■ **Action item**
As you reproduce every line below, keep it exactly as written and leave out the images.

■ **Data below**
********************
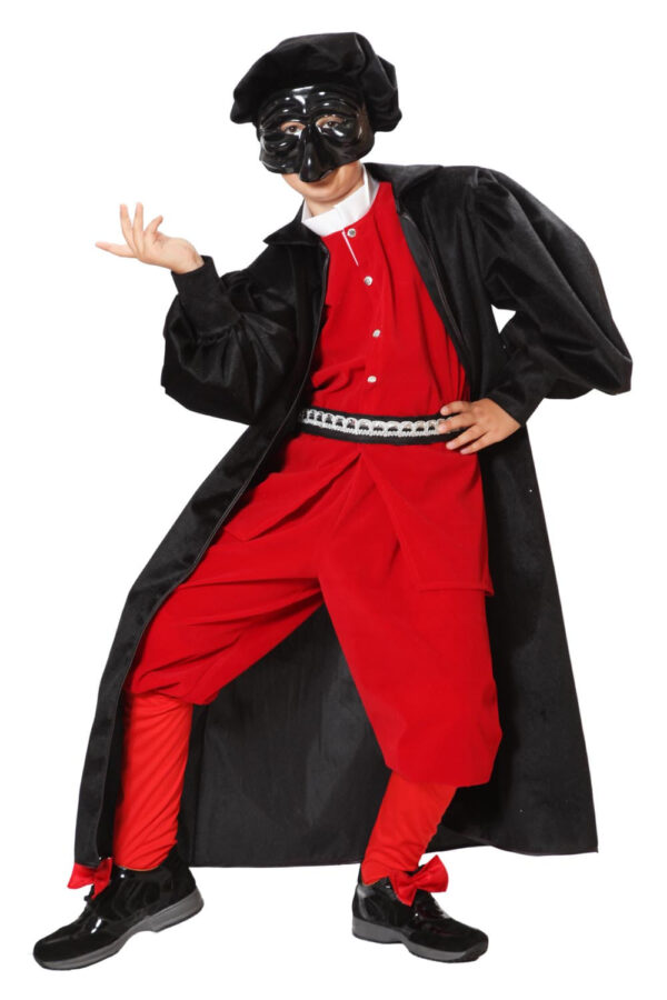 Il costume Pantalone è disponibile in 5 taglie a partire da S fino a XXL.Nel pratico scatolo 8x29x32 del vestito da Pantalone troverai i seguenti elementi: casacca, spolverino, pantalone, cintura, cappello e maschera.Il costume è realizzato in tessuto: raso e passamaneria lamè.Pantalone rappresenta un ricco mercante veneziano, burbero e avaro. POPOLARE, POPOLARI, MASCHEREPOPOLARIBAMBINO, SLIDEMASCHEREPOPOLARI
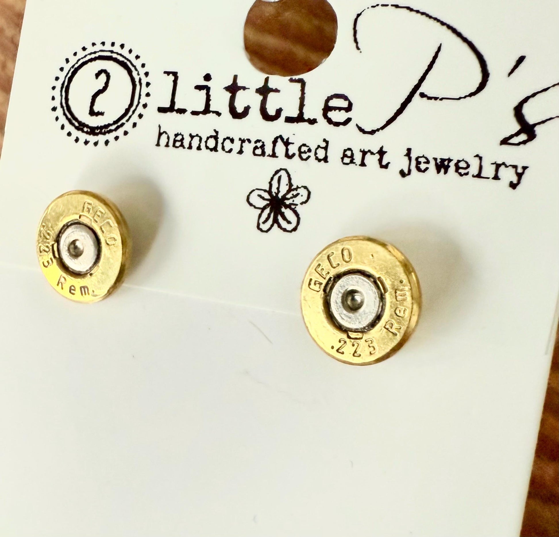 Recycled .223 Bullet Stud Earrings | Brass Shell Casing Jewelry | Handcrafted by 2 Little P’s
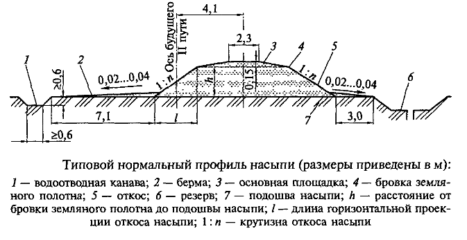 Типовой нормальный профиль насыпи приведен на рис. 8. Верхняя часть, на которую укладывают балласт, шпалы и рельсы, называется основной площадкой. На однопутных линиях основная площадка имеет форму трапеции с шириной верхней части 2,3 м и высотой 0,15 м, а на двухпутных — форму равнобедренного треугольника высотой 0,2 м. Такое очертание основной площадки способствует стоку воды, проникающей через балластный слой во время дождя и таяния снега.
********************
■ **Finished exercise**
 Il costume Pantalone è disponibile in 5 taglie a partire da S fino a XXL.Nel pratico scatolo 8x29x32 del vestito da Pantalone troverai i seguenti elementi: casacca, spolverino, pantalone, cintura, cappello e maschera.Il costume è realizzato in tessuto: raso e passamaneria lamè.Pantalone rappresenta un ricco mercante veneziano, burbero e avaro. POPOLARE, POPOLARI, MASCHEREPOPOLARIBAMBINO, SLIDEMASCHEREPOPOLARI
 Recycled .223 Bullet Stud Earrings | Brass Shell Casing Jewelry | Handcrafted by 2 Little P’s
 Типовой нормальный профиль насыпи приведен на рис. 8. Верхняя часть, на которую укладывают балласт, шпалы и рельсы, называется основной площадкой. На однопутных линиях основная площадка имеет форму трапеции с шириной верхней части 2,3 м и высотой 0,15 м, а на двухпутных — форму равнобедренного треугольника высотой 0,2 м. Такое очертание основной площадки способствует стоку воды, проникающей через балластный слой во время дождя и таяния снега.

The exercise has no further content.